A single shot rings out over the darkness taking the head of a Captain of traitor guard unit off in a shower of blood, gore, and bone.

“Excellent shot Jaycen, Sir the traitor-guard captain is dead,” Scout sergeant Hephaestus reports to Captain Lucio. “Good work Sergeant get your men out of there, the Lion watch over you.” Lucio responds in his dry voice. “Yes sir,” Hephaestus says, “Men lets get back to camp before the real battle starts.” The four remaining scouts all quietly pack their gear and remove any trace of there presence in the ruined building they were using as a sniping position. 
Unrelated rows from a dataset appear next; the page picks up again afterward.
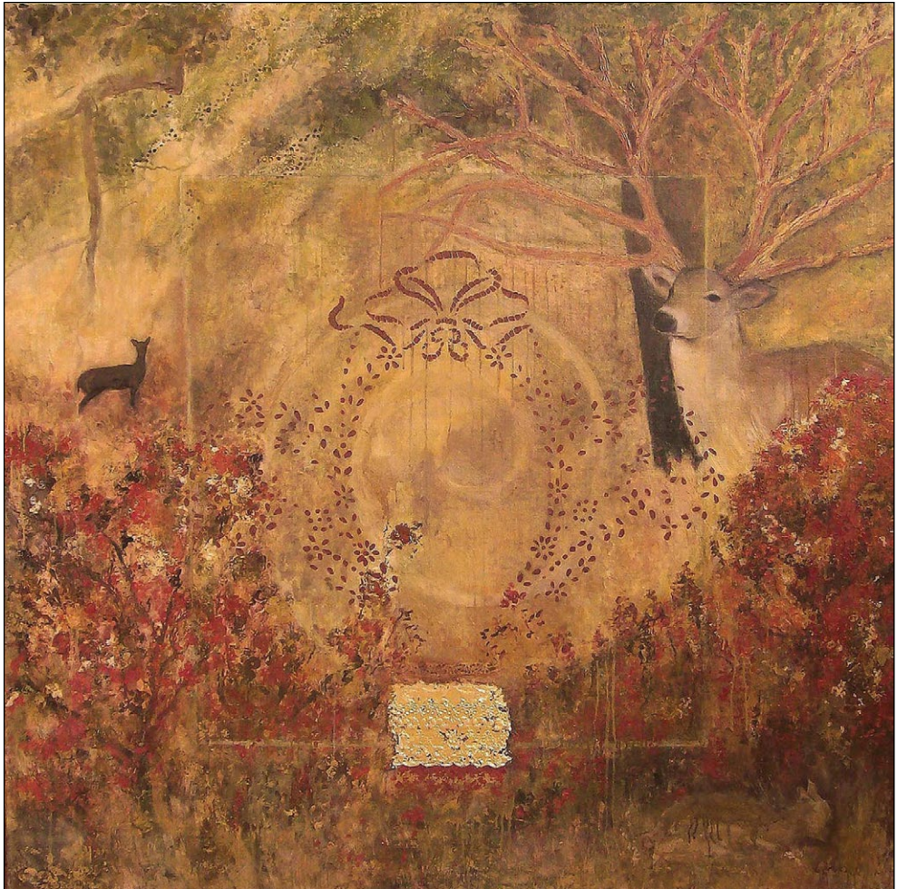
My Dear, my Deer, I shall guide you through eternal sphere, 2011, olje na platno, 140 x 140 cm
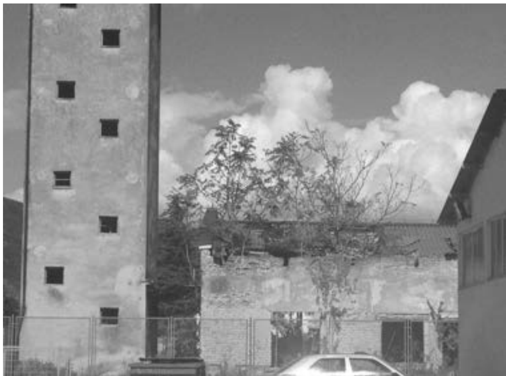
Fabrika “Đuro Salaj” 2370
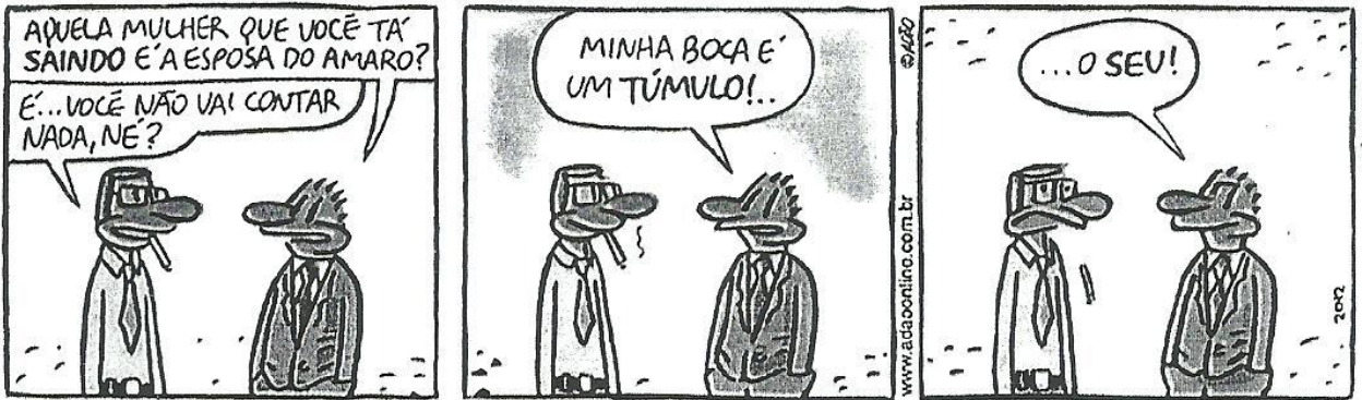
ITURRUSGARAI, Adão. La vie en rose. Folha de S. Paulo , São Paulo, 22 mar. 2003.
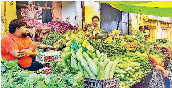
सब्जी मंडी में सब्जियां खरीदते ग्राहक।

बारिश ने लोगों को गर्मी से राहत तो दी लेकिन जेबों पर भार डाल दिया। हरी सब्जियों के दाम आसमान छूने लगे हैं। लाल टमाटर शतक लगाने की करीब पहुंच गया। बीते एक आम आदमी पखवारे से दाम पर पड़ रही बढ़ने से आम महंगाई की मार लोगों की थालियों से हरी सब्जियां गायब होने लगी हैं। साथ ही रसोई का बजट बिगड़ने लगा है। आम आदमी पर महंगाई की मार लगातार पड़ रही है। टमाटर के दाम बढ़ने के साथ अन्य सब्जियों के दाम भी बढ़ चुके हैं। सब्जियों के दाम सातवें आसमान पर पहुंच गए हैं। सब्जियों के बढ़ते दाम ने खाने का
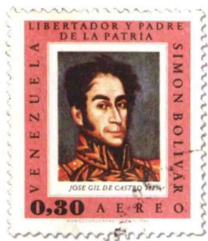
纪念西蒙·玻利瓦尔的邮票
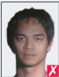
shadows behind head
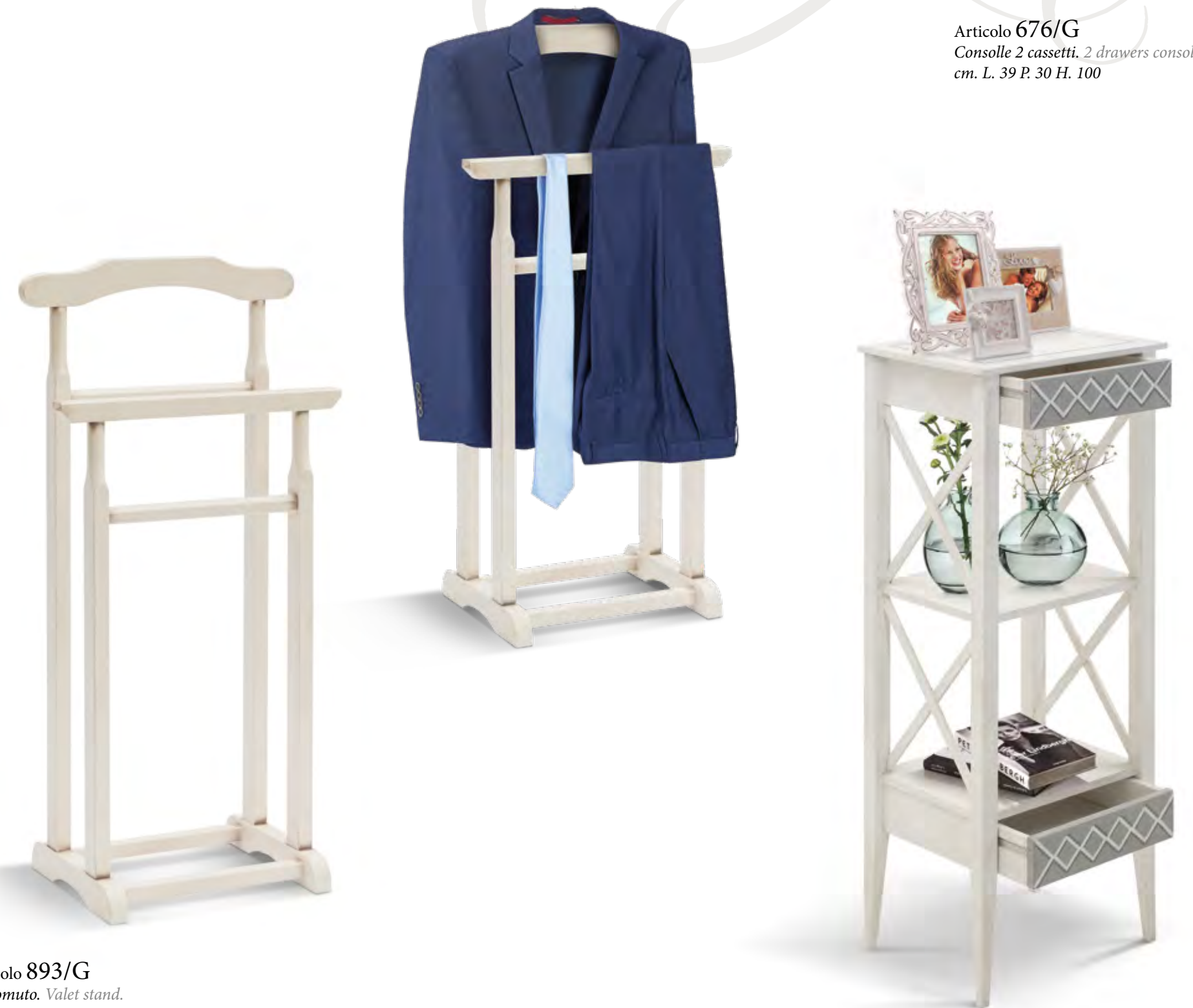
Articolo 893/G Servomuto. Valet stand. cm. L. 45 P. 30 H. 97
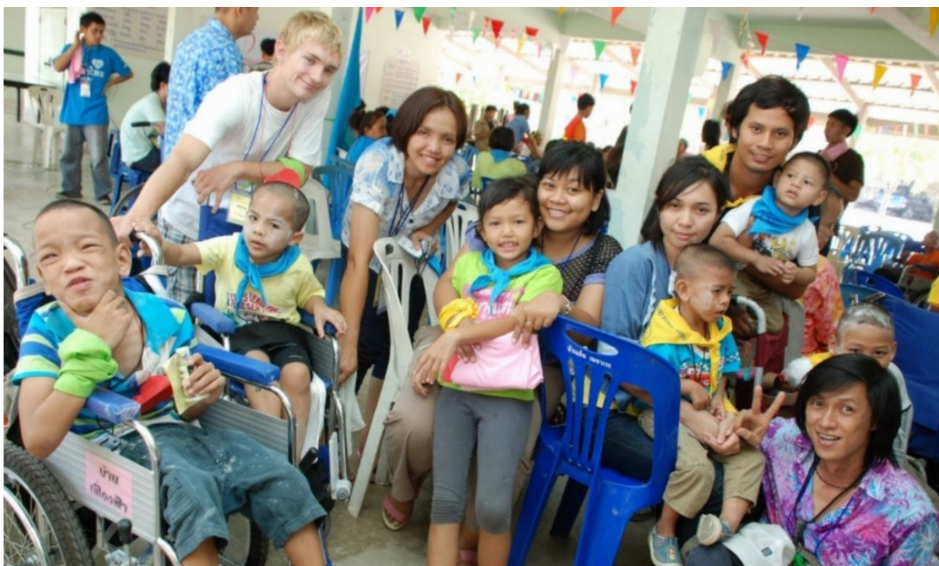
Quelques-uns des pensionnaires de l'orphelinat
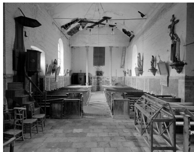
Vue intérieure, depuis le chœur. IVR22_19998001073V
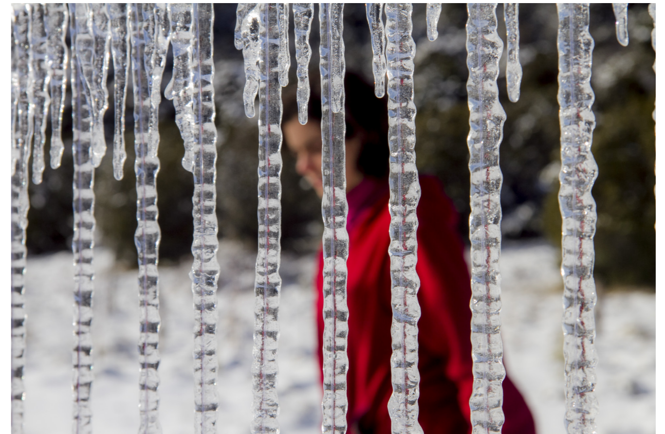
Conquista de lo inútil (2011), de Valeria Conte Mac Donell
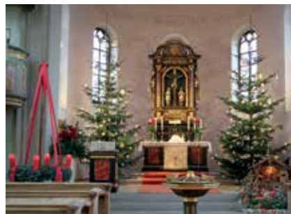
Altarraum in der Weihnachtszeit
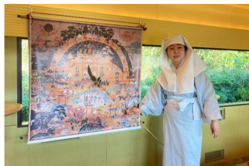
熊野曼荼羅絵解き
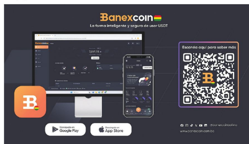
Los servicios incluyen transferencias y conversión de activos virtuales
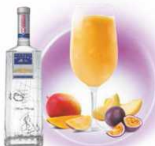
Summer Romance MANGO, MELÓN Y MARACUYÁ MANGO, MELON AND PASSION FRUIT & GINEBRA / GIN
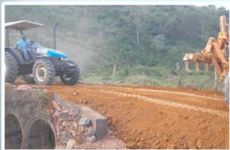
Melhoria e manutenção de dezenas de quilômetros de estradas rurais
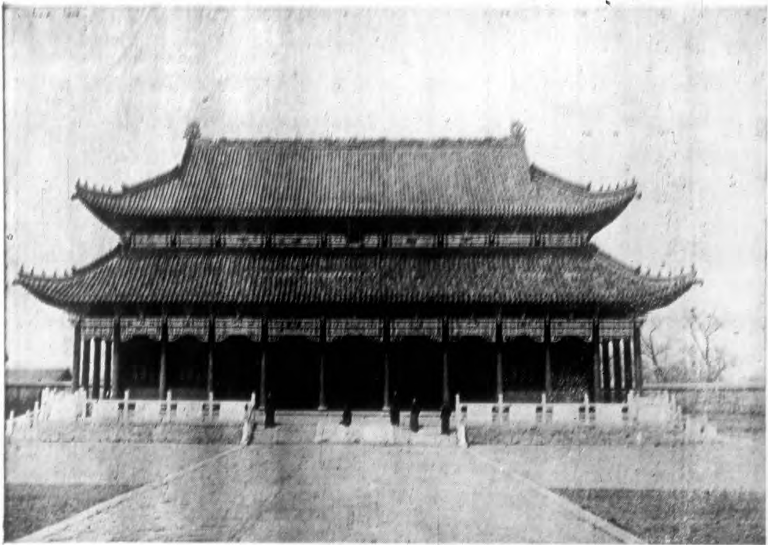
吉林孔廟之大成殿
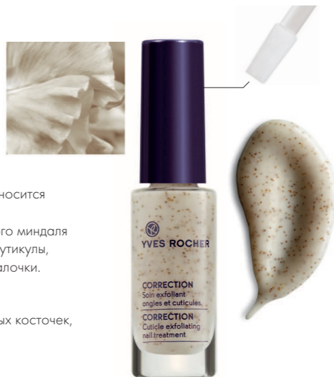
Флакон 5,5 мл - 99 грн.

Ego + : с помощью специального шпателя Вы сможете нанести необходимое количество средства. Растительные компоненты: молочко сладкого миндаля, абрикосовое масло, порошок абрикосовых косточек, экстракт бамбука, водный экстракт гаммamelиса Био.
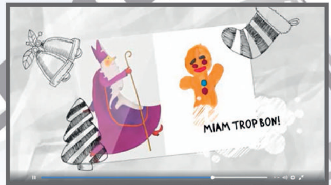
Marché de la Saint-Nicolas
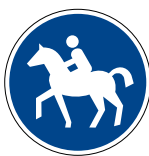
Abbildung 1: Reitweg

Mit dem Erwerb des Reitkennzeichens helfen Sie, die Reitwege in einem ordentlichen Zustand zu erhalten.
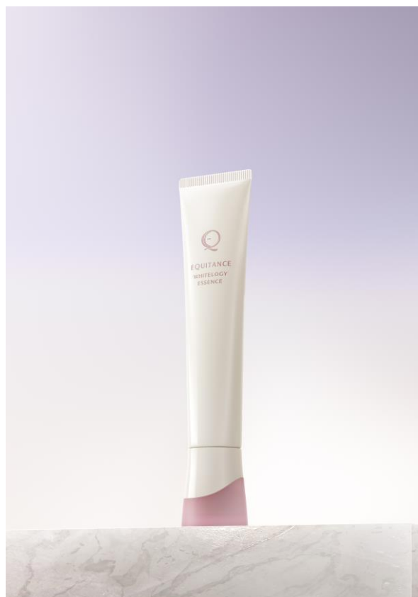
エクイタンス ホワイトロジー エッセンス
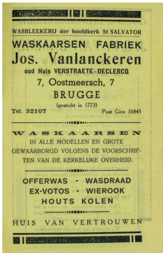
Reclame voor een fabrikant van onder meer ex voto's in het Bisdomeboek van Brugge uit 1948. (Privécollectie. Foto ©Patrick Palmans)
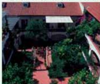
El Hotel del Balneario Varinia Serena
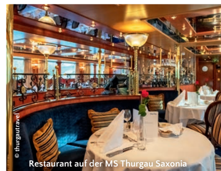
Restaurant auf der MS Thurgau Saxonia
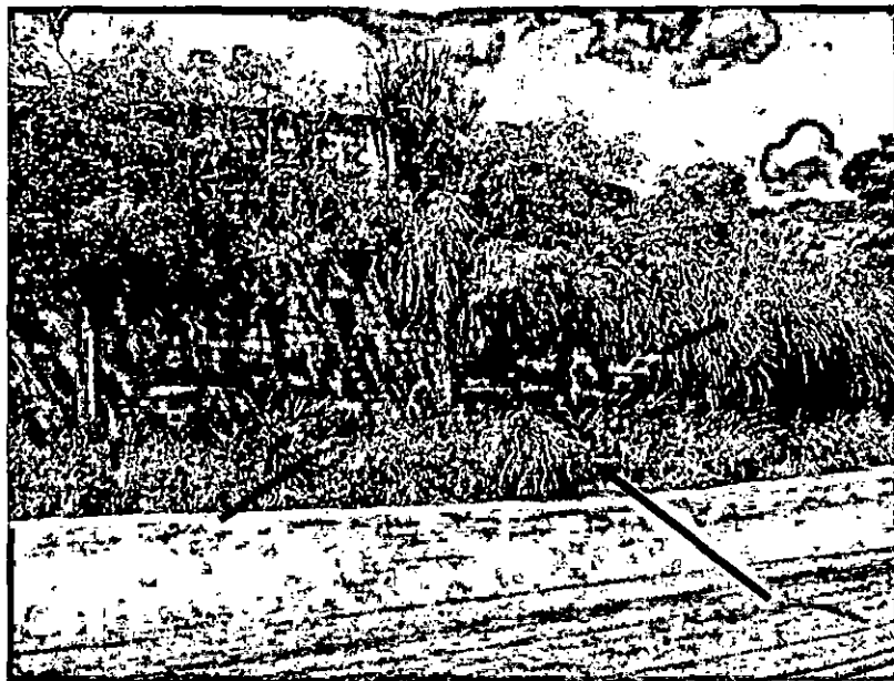
Pontos de fissura no muro
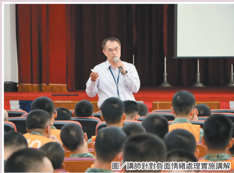
圖／講師針對負面情緒處理實施講解

宣教提醒官兵適時檢視自我內心深處，瞭解當前自身身心狀況，明確認知「異常行為就是求助的訊號」，並持續倡導珍愛生命守門人「一問、二應、三轉介」的概念，發揮團結互助精神，共同營造愉悅的部隊環境。
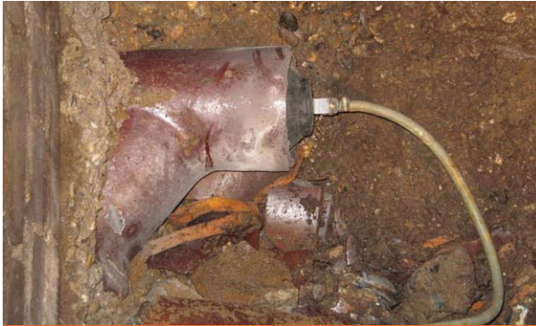
Absperrröhre zur Dichtheitsprüfung

“Christ take point I’m right behind you, Batu your next then Jaycen, Raziel your flanker, Move out scouts.” Christ takes the lead and quickly but carefully navigates the inside of the ruin to the point they had marked out as their primary exfiltration point. “Hold up enemy patrol ten-men strong, orders sir?” Christ asks Hephaestus. “Take cover hold fire, let them pass if you can.” Orders Sergeant Hephaestus. The patrol of guardsmen passes by the scouts as they enter the building looking for whoever fired the shot.


----------



## Commissar Ploss (Feb 29, 2008)

Scouts of the Dark Angels correct? I highly doubt that the guardsmen would have been able to tell where the shot came from. or at least as specifically as the building it came from. SM Scouts usually are more discreet than that. Its a good intro, first person, unique. sentences aren't too long. good job otherwise. 

CP


----------



## High_Seraph (Aug 28, 2009)

its just a random patrol going though any likely sniper postions. so you acutally liked it?


----------



## Commissar Ploss (Feb 29, 2008)

yeah, its good, although it lacks sensory detail. and, the only thing that eluded they were Dark Angels is the the quote "the Lion watch over you." so it was a good guess on my part, otherwise, it doesn't mention that they are DA. Make sure to build on your descriptions of your surroundings. It will help with future stories/continuations.

CP


----------



## High_Seraph (Aug 28, 2009)

thank you i was trying to be a little vague about what chapter but i didn't know how to do it so i tried a little one liner. i will definately try to bring more about the sensory details but like i said first time trying to write up fluff. i might change it to my homebrew chapter though. Angels of Redemption, 13th founding of the Angels of crap forgot which one its was. :facepalm: i'll look it up later to tired need sleep.


----------